- Data -
________________________________________
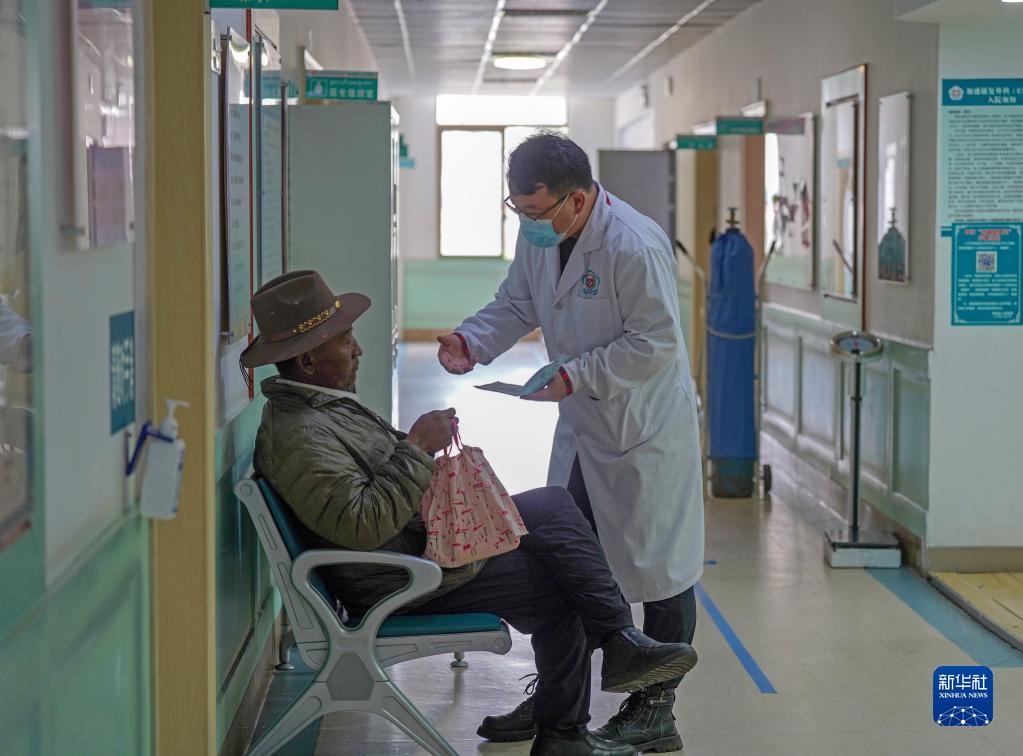 6月12日,王彤旭医生在米林市人民医院走廊里询问患者病情恢复情况。
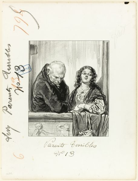Editor: This lithograph is titled "Les-Parents-Terribles series: Come, come a ball's always the same," made by Paul Gavarni in 1853. It's part of a series, and I'm immediately struck by the contrast between the youthful woman and the much older man. There’s a tension in their proximity, and the details in the clothing versus the bare background feels intentional. What are your initial thoughts on this work? Curator: Considering its production, we must delve into the lithographic process itself. The ability to mass produce prints like these changed art consumption drastically. This work speaks to the changing social landscape of mid-19th century France. Think about the paper, the ink – these were commodities, circulating within a burgeoning capitalist system. How do you think Gavarni's choice of lithography, rather than say, painting, reflects on the work's intended audience and message? Editor: I hadn’t really considered the implications of lithography itself. Painting feels more individual and precious. So, mass-produced prints reach a broader, probably middle-class, audience. This makes the image itself, the commentary on relationships, accessible and therefore maybe more critical? Curator: Precisely! Gavarni used readily available materials to craft his commentary. The ‘parents terrible,’ the challenging of familial roles, all becomes part of this material landscape. Are they truly “terrible”, or just victims of the societal and economic shifts occurring? Do you feel Gavarni is offering a critique, or simply mirroring a recognizable reality? Editor: It's hard to tell, maybe both? I was focused on the figures, but seeing it as part of a bigger system, with materials and labor... that definitely gives me a different angle to consider. Curator: Exactly, seeing the object not just as a picture but as a product deeply embedded in its time, alters the whole interpretive framework. Editor: Definitely. I appreciate seeing the social context woven into the material aspects; it adds layers to the image. Curator: And that enriches our viewing.
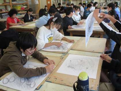 繰り返し、繰り返し描いていると、濃淡が出てきます。そこから何かが・・・。
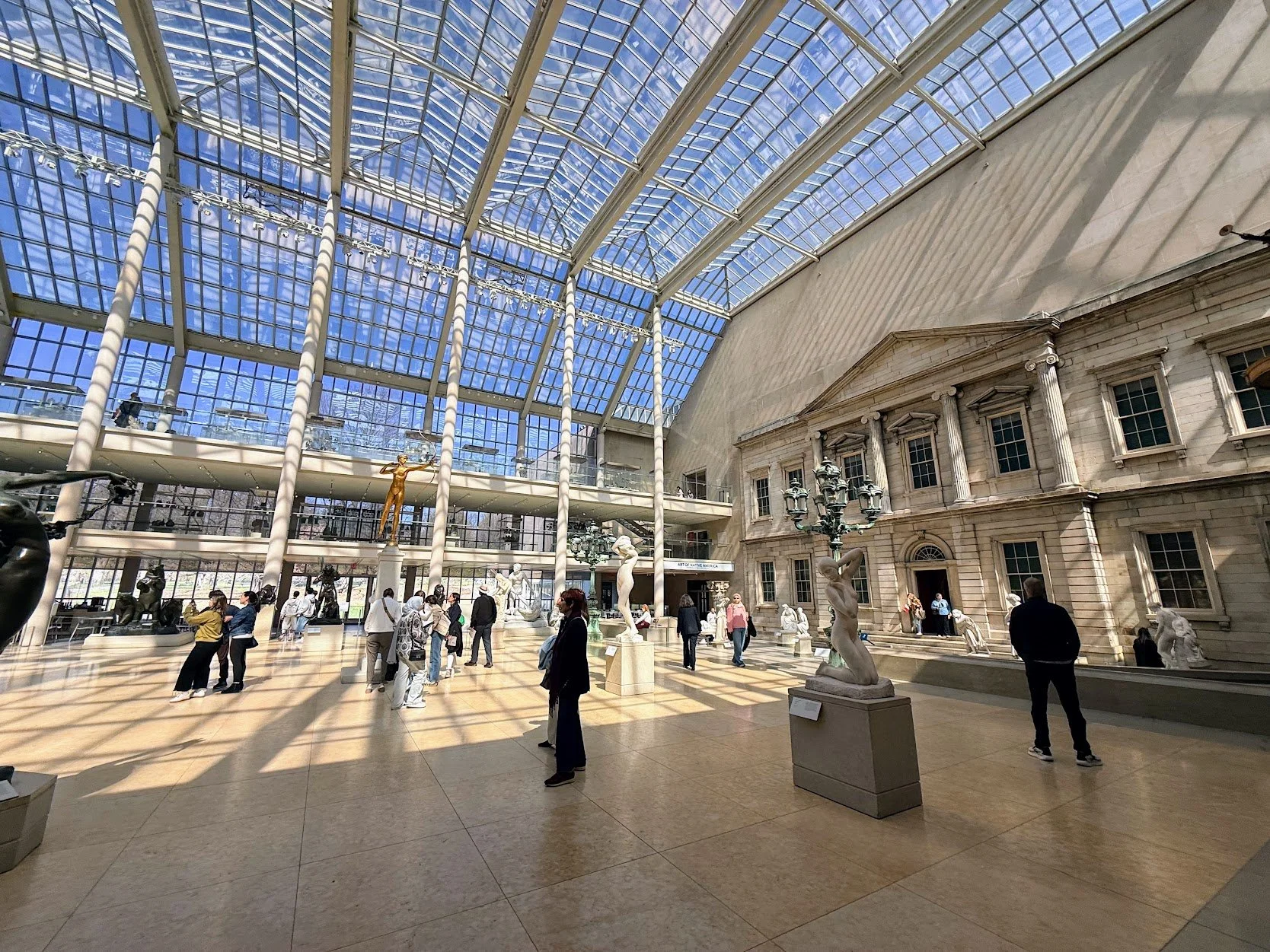From there, we made our way to the American Wing, where the large glass courtyard immediately changes the pace. Filled with sculpture, light, and space to pause, it feels calmer and less crowded than some of the busier galleries. We actually got a little too comfortable there and spent more time than we planned, wandering through the courtyard and surrounding rooms.
________________________________________
- Exercise details -
Line for line, restate the data above and omit every picture.

- Solved problem -
 6月12日,王彤旭医生在米林市人民医院走廊里询问患者病情恢复情况。
Editor: This lithograph is titled "Les-Parents-Terribles series: Come, come a ball's always the same," made by Paul Gavarni in 1853. It's part of a series, and I'm immediately struck by the contrast between the youthful woman and the much older man. There’s a tension in their proximity, and the details in the clothing versus the bare background feels intentional. What are your initial thoughts on this work? Curator: Considering its production, we must delve into the lithographic process itself. The ability to mass produce prints like these changed art consumption drastically. This work speaks to the changing social landscape of mid-19th century France. Think about the paper, the ink – these were commodities, circulating within a burgeoning capitalist system. How do you think Gavarni's choice of lithography, rather than say, painting, reflects on the work's intended audience and message? Editor: I hadn’t really considered the implications of lithography itself. Painting feels more individual and precious. So, mass-produced prints reach a broader, probably middle-class, audience. This makes the image itself, the commentary on relationships, accessible and therefore maybe more critical? Curator: Precisely! Gavarni used readily available materials to craft his commentary. The ‘parents terrible,’ the challenging of familial roles, all becomes part of this material landscape. Are they truly “terrible”, or just victims of the societal and economic shifts occurring? Do you feel Gavarni is offering a critique, or simply mirroring a recognizable reality? Editor: It's hard to tell, maybe both? I was focused on the figures, but seeing it as part of a bigger system, with materials and labor... that definitely gives me a different angle to consider. Curator: Exactly, seeing the object not just as a picture but as a product deeply embedded in its time, alters the whole interpretive framework. Editor: Definitely. I appreciate seeing the social context woven into the material aspects; it adds layers to the image. Curator: And that enriches our viewing.
 繰り返し、繰り返し描いていると、濃淡が出てきます。そこから何かが・・・。
From there, we made our way to the American Wing, where the large glass courtyard immediately changes the pace. Filled with sculpture, light, and space to pause, it feels calmer and less crowded than some of the busier galleries. We actually got a little too comfortable there and spent more time than we planned, wandering through the courtyard and surrounding rooms.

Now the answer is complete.